START RECORDS
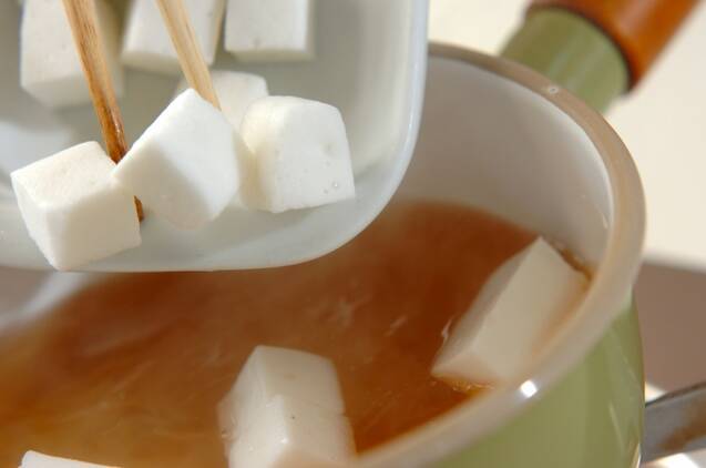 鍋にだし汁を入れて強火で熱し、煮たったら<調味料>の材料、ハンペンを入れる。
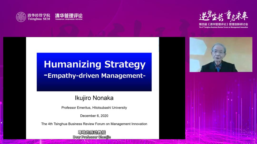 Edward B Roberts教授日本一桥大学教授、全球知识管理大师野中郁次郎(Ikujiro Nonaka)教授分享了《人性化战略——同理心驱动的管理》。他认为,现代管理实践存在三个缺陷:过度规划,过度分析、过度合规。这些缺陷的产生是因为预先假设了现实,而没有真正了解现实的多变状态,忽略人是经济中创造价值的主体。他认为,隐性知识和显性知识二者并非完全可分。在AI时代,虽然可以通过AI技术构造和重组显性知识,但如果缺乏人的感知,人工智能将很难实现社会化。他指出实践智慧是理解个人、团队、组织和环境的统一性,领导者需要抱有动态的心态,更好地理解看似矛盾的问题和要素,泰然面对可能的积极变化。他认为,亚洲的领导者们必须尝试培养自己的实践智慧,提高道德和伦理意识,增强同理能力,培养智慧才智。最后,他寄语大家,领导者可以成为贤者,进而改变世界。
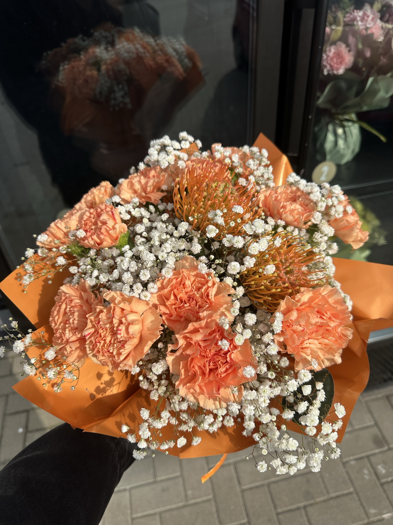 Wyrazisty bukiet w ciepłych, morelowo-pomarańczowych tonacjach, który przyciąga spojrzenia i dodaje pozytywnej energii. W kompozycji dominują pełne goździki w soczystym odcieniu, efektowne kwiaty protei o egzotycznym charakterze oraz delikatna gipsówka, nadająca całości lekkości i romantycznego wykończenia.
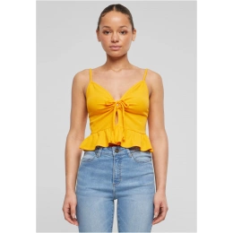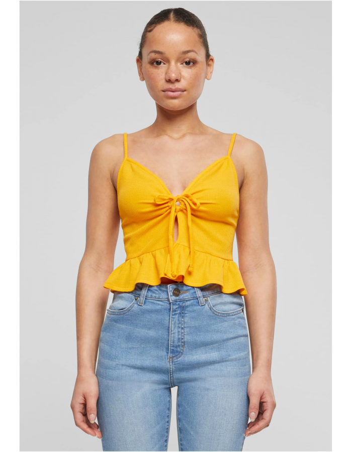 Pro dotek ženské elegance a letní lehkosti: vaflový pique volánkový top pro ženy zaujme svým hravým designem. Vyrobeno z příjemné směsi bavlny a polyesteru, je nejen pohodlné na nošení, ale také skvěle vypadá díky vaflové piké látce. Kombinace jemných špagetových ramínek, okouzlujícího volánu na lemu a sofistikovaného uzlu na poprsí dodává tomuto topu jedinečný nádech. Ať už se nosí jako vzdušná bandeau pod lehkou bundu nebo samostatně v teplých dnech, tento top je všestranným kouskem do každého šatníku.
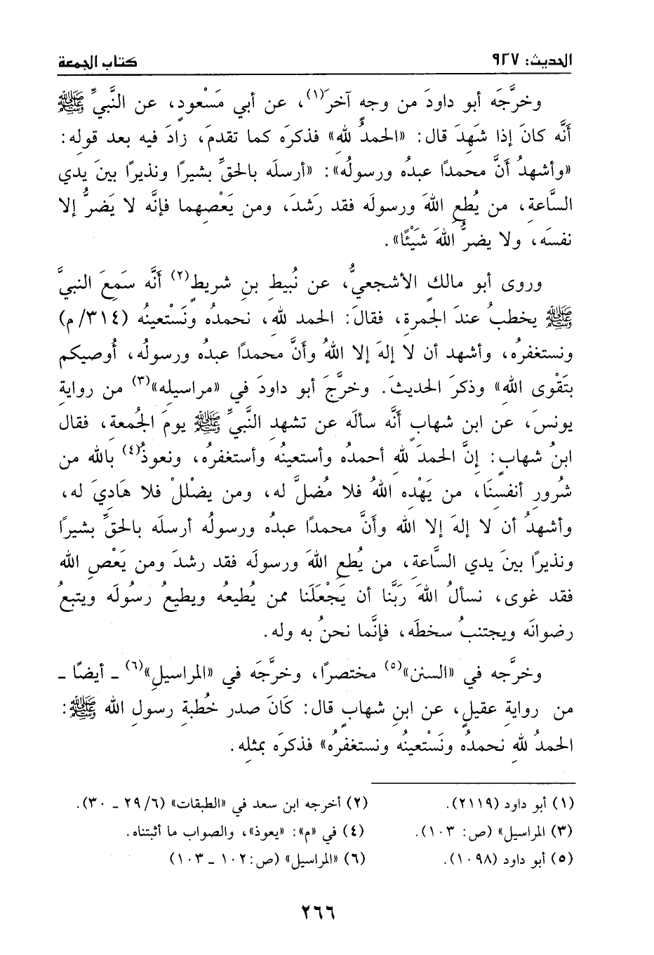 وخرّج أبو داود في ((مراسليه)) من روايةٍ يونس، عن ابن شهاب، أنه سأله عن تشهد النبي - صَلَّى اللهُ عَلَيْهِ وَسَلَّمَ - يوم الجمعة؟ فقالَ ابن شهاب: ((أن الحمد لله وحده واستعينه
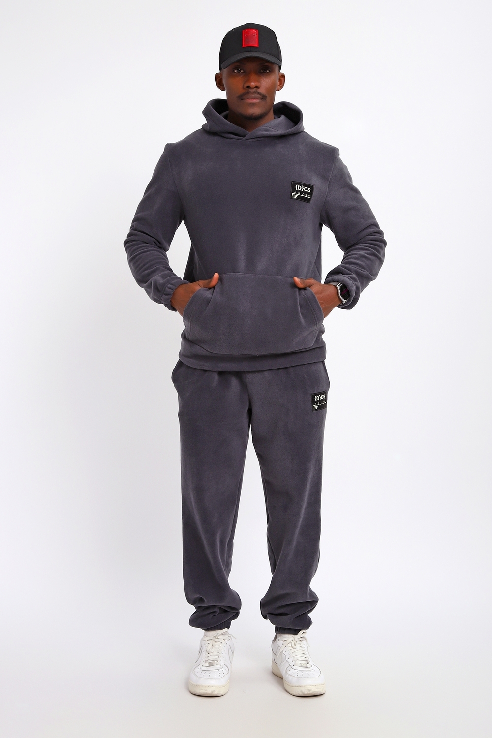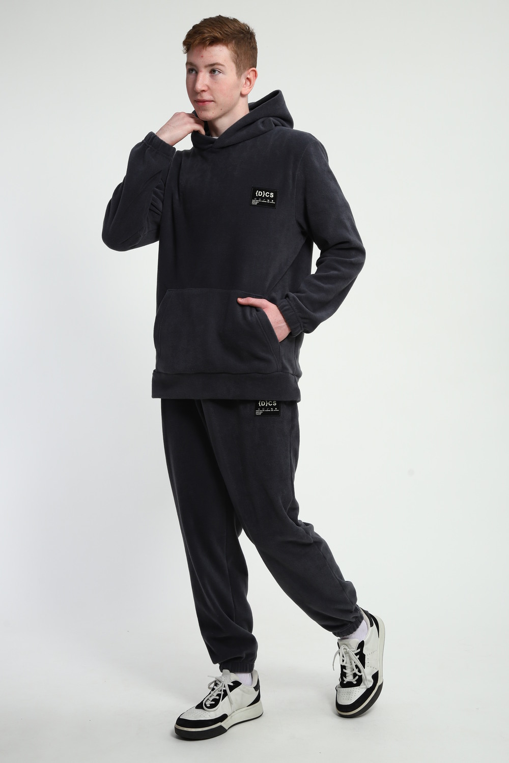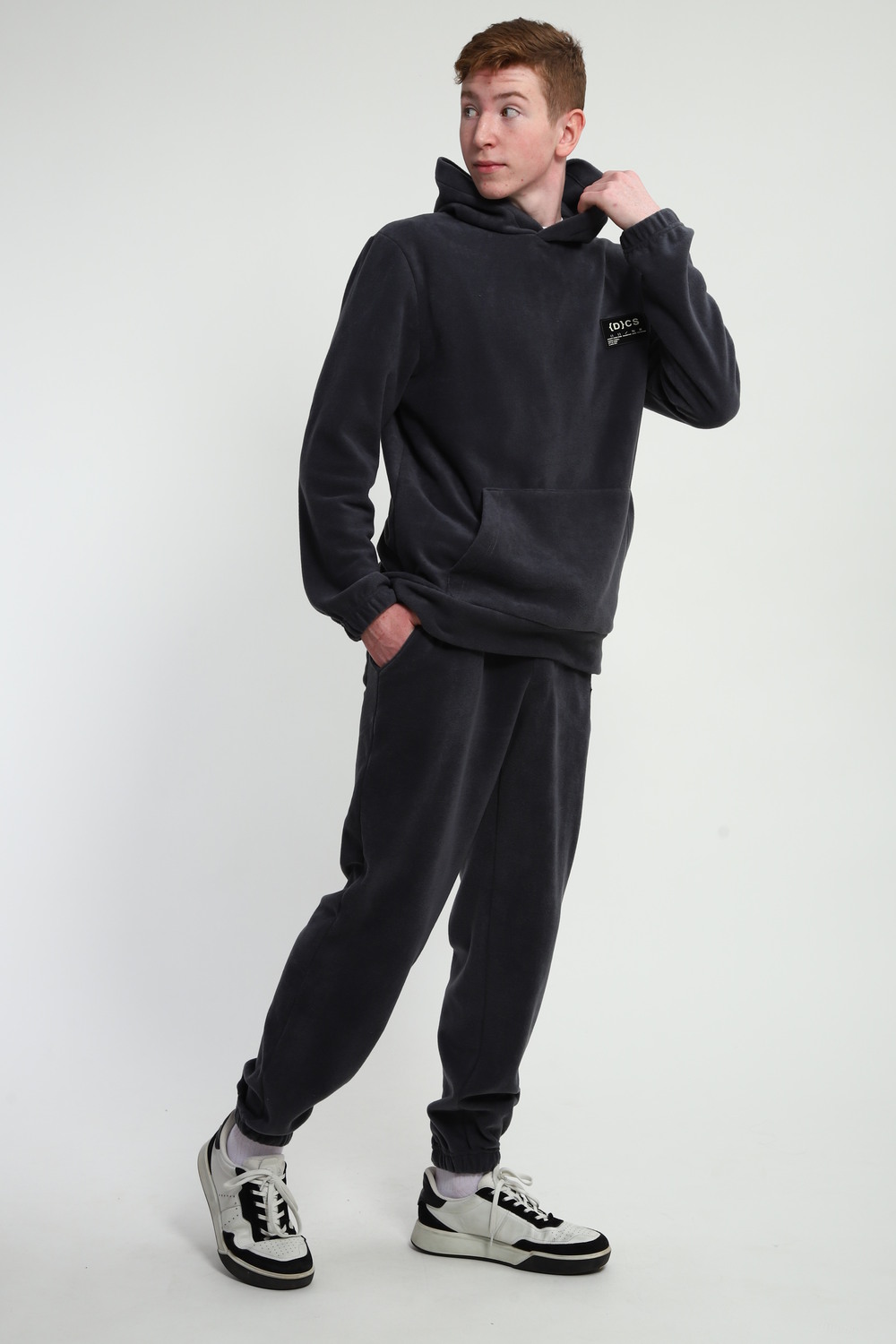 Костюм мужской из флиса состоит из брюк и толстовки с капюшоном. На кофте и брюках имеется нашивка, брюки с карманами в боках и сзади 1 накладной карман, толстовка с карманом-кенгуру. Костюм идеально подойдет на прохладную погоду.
END RECORDS
## ASSIGNMENT
Reproduce exactly, and only, the lines from the one holding "Wyrazisty bukiet w" through the final line of the entries. Do not include the pictures.

## WRITTEN ANSWER
 Wyrazisty bukiet w ciepłych, morelowo-pomarańczowych tonacjach, który przyciąga spojrzenia i dodaje pozytywnej energii. W kompozycji dominują pełne goździki w soczystym odcieniu, efektowne kwiaty protei o egzotycznym charakterze oraz delikatna gipsówka, nadająca całości lekkości i romantycznego wykończenia.
 Pro dotek ženské elegance a letní lehkosti: vaflový pique volánkový top pro ženy zaujme svým hravým designem. Vyrobeno z příjemné směsi bavlny a polyesteru, je nejen pohodlné na nošení, ale také skvěle vypadá díky vaflové piké látce. Kombinace jemných špagetových ramínek, okouzlujícího volánu na lemu a sofistikovaného uzlu na poprsí dodává tomuto topu jedinečný nádech. Ať už se nosí jako vzdušná bandeau pod lehkou bundu nebo samostatně v teplých dnech, tento top je všestranným kouskem do každého šatníku.
 وخرّج أبو داود في ((مراسليه)) من روايةٍ يونس، عن ابن شهاب، أنه سأله عن تشهد النبي - صَلَّى اللهُ عَلَيْهِ وَسَلَّمَ - يوم الجمعة؟ فقالَ ابن شهاب: ((أن الحمد لله وحده واستعينه
 Костюм мужской из флиса состоит из брюк и толстовки с капюшоном. На кофте и брюках имеется нашивка, брюки с карманами в боках и сзади 1 накладной карман, толстовка с карманом-кенгуру. Костюм идеально подойдет на прохладную погоду.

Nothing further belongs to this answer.